Material supplied:
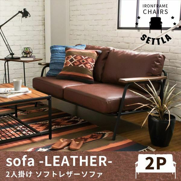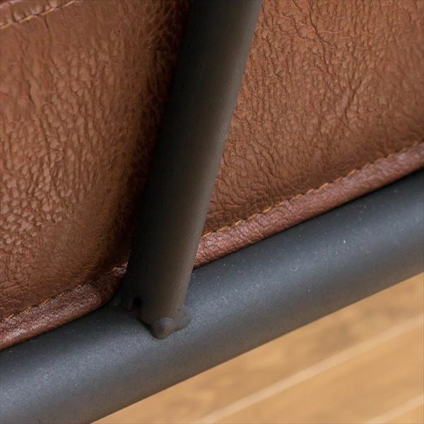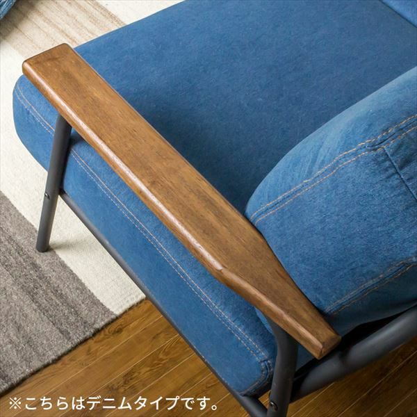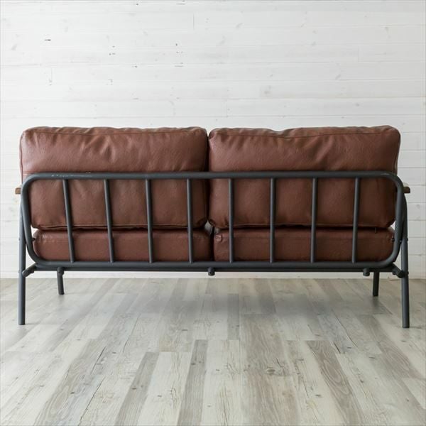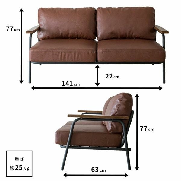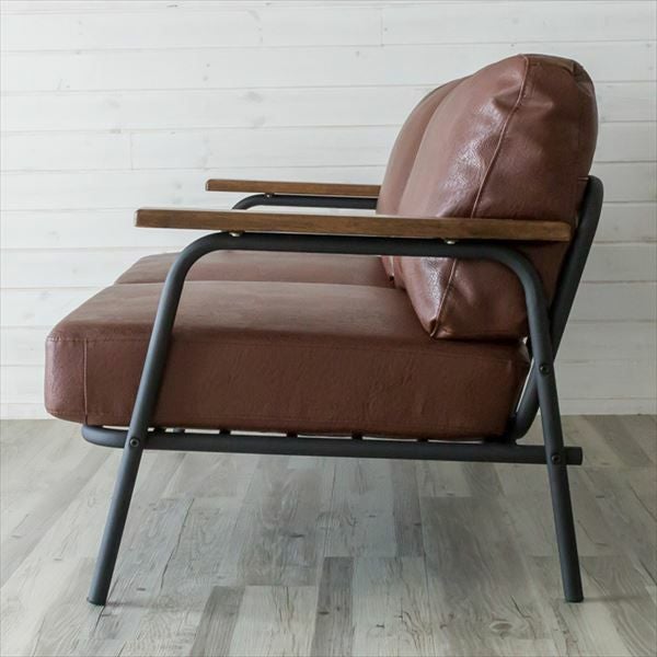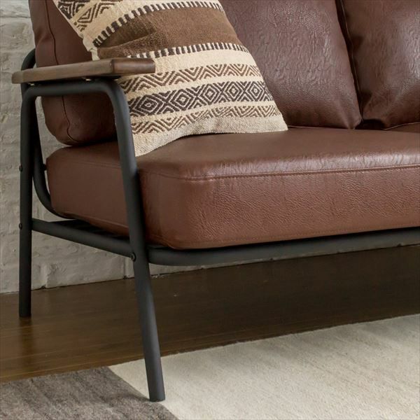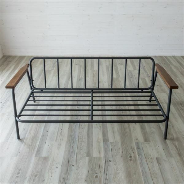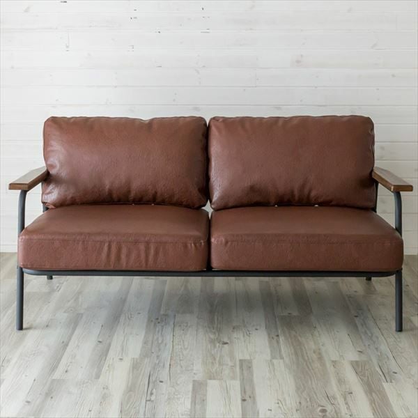 シンプルなスチール製のフレームと、天然木のアームを組み合わせたコンパクトな2人掛けソファ。
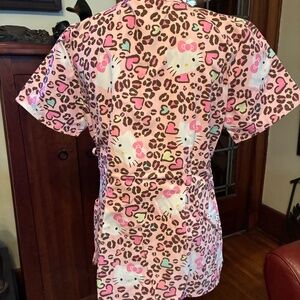 "Sanrio-Hello Kitty" scrub top, size medium, short sleeves. Color: pink with brown leopard spot print.Two front pockets. Side tie and drawstring (front side only). Small ruffles around collar. Fabric: 65% polyester, 35% cotton. Measurements (approximate): neck (all around) = 28", chest (flat) = 21.5", front length (mid shoulder to bottom) = 27.5", back length (mid shoulder to bottom) = 27.5". Like new condition. Thanks for looking!
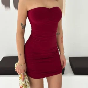 Drapeli Straplez Mini Elbise Esnek Kumaş Vücuda Oturan Gece Elbisesi – Bordo
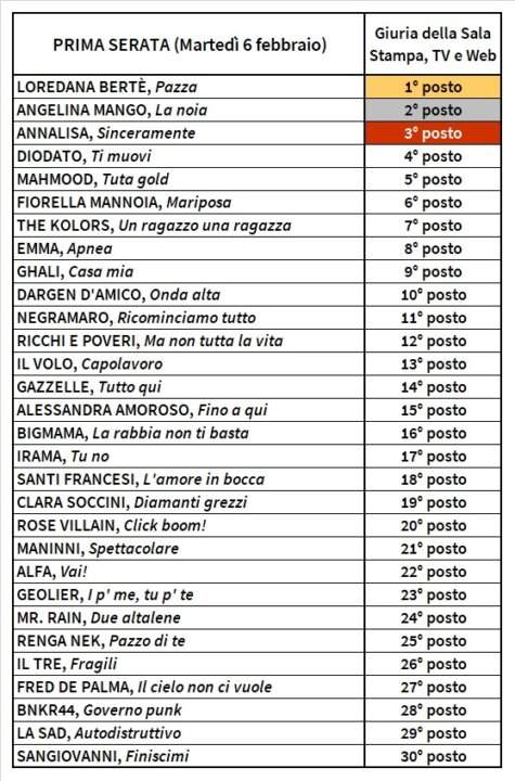A ottenere la prima posizione è stata Loredana Bertè, che ha rispettato le previsioni dei pre-ascolti e preceduto altre due favorite della vigilia come Angelina Mango e Annalisa (fin da subito, dunque, ampiamente apprezzate dai giornalisti). Completano la prima top5 letta al termine della prima serata Diodato e Mahmood.
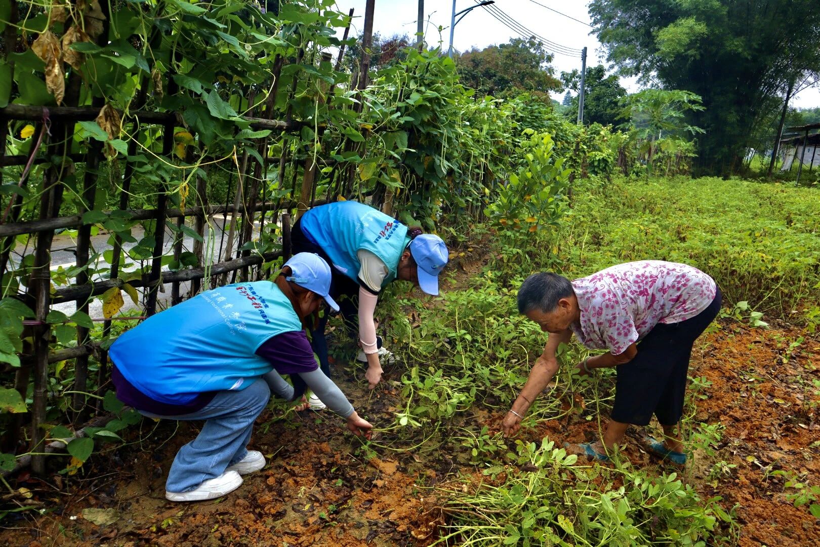为了更深刻地体悟乡土的价值,理解农民的艰辛与土地的厚重,队员们主动投身到割水稻、拔花生、摘黄皮果等农耕劳作中。夏日的阳光炽热而强烈,晒在肩头烫得人皮肤发疼,可队员们没有丝毫退缩。他们手握镰刀走进金黄稻田,学着农民伯伯的样子弯腰挥镰,将沉甸甸的稻穗收割下来;蹲在田间拨开湿润泥土,小心拔出饱满的花生;穿梭在枝繁叶茂的黄皮果树下,细心采摘酸甜的果实。汗水顺着脸颊滑落,滴入泥土,每一滴汗水里都饱含着对土地的敬畏与对农耕的理解。在这个过程中,队员们真切触摸到了乡土的温度——那是土地孕育生命、滋养万物的厚重,是农民们一年到头辛勤耕耘的艰辛。每一次弯腰劳作、每一次伸手采摘,都让助农的情怀愈发深厚,也让青春的脉搏与乡土发展的节奏同频共振,真正明白乡村振兴之路,必须扎根土地、尊重农耕,才能走得坚实、走得长远。

Your task: Retype the material in full, exactly as written, and exclude the pictures.

Solution to this exercise:
 シンプルなスチール製のフレームと、天然木のアームを組み合わせたコンパクトな2人掛けソファ。
 "Sanrio-Hello Kitty" scrub top, size medium, short sleeves. Color: pink with brown leopard spot print.Two front pockets. Side tie and drawstring (front side only). Small ruffles around collar. Fabric: 65% polyester, 35% cotton. Measurements (approximate): neck (all around) = 28", chest (flat) = 21.5", front length (mid shoulder to bottom) = 27.5", back length (mid shoulder to bottom) = 27.5". Like new condition. Thanks for looking!
 Drapeli Straplez Mini Elbise Esnek Kumaş Vücuda Oturan Gece Elbisesi – Bordo
A ottenere la prima posizione è stata Loredana Bertè, che ha rispettato le previsioni dei pre-ascolti e preceduto altre due favorite della vigilia come Angelina Mango e Annalisa (fin da subito, dunque, ampiamente apprezzate dai giornalisti). Completano la prima top5 letta al termine della prima serata Diodato e Mahmood.
为了更深刻地体悟乡土的价值,理解农民的艰辛与土地的厚重,队员们主动投身到割水稻、拔花生、摘黄皮果等农耕劳作中。夏日的阳光炽热而强烈,晒在肩头烫得人皮肤发疼,可队员们没有丝毫退缩。他们手握镰刀走进金黄稻田,学着农民伯伯的样子弯腰挥镰,将沉甸甸的稻穗收割下来;蹲在田间拨开湿润泥土,小心拔出饱满的花生;穿梭在枝繁叶茂的黄皮果树下,细心采摘酸甜的果实。汗水顺着脸颊滑落,滴入泥土,每一滴汗水里都饱含着对土地的敬畏与对农耕的理解。在这个过程中,队员们真切触摸到了乡土的温度——那是土地孕育生命、滋养万物的厚重,是农民们一年到头辛勤耕耘的艰辛。每一次弯腰劳作、每一次伸手采摘,都让助农的情怀愈发深厚,也让青春的脉搏与乡土发展的节奏同频共振,真正明白乡村振兴之路,必须扎根土地、尊重农耕,才能走得坚实、走得长远。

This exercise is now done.